1.1 Problem Definition: Reconciling Environment and Housing

As asked by Jeane Haffner in in May 2015, the question ‘what is the best way to introduce nature into a city?’ is as timely as it has ever been. The relationship between people, cities and the wider ‘environment’ has preoccupied urban planners for over a century. From the late 19th century, pioneering thought was divided.
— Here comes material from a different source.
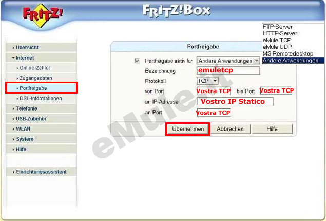 Controllate che su Portfreigabe aktiv fur (Port Forwarding enable for - Abilitazione Porta attiva per) ci sia la spunta, dal menù a tendina selezionate Andere Anwendungen (Other Application - Altra Applicazione - Port Forwarding enable for) e procedete a creare la prima regola, quella relativa alla vostra porta TCP che leggete in eMule -> Opzioni -> Connessione :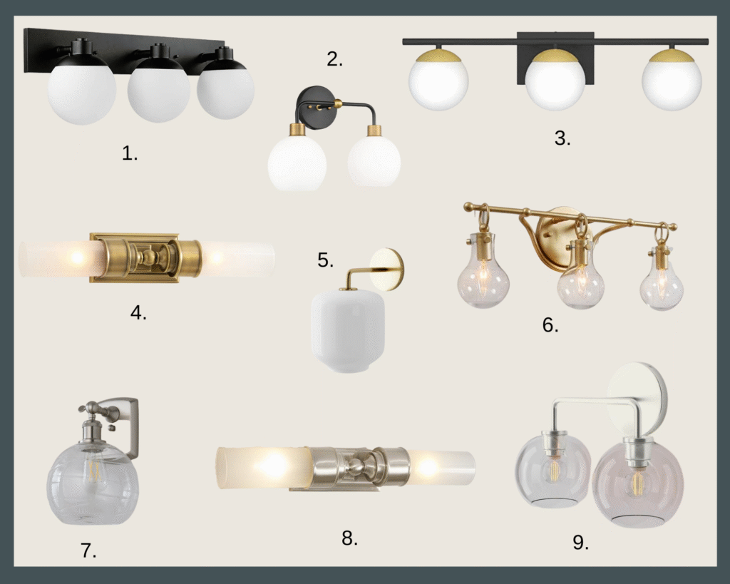 I have recently completed a few bathroom remodels and one of my favorite is choosing lighting. Here are a few over the mirror lights that caught my eye. Does your bathroom need a small update? Changing the lighting is a relatively easy and inexpensive way to update a space.

Some felt planning should allocate land for agriculture to residential development in prescribed quantities in order to create self-sufficient and in turn socially just communities, in line with principles of Garden Cities advocated by Ebenezer Howard (1902). Others felt that pre-existing natural scales, such as bioregions, should be followed to determine population and energy use in line with the ideas of Patrick Geddes (Geddes, c. 1920; Geddes, 1949; Thompson, 2004).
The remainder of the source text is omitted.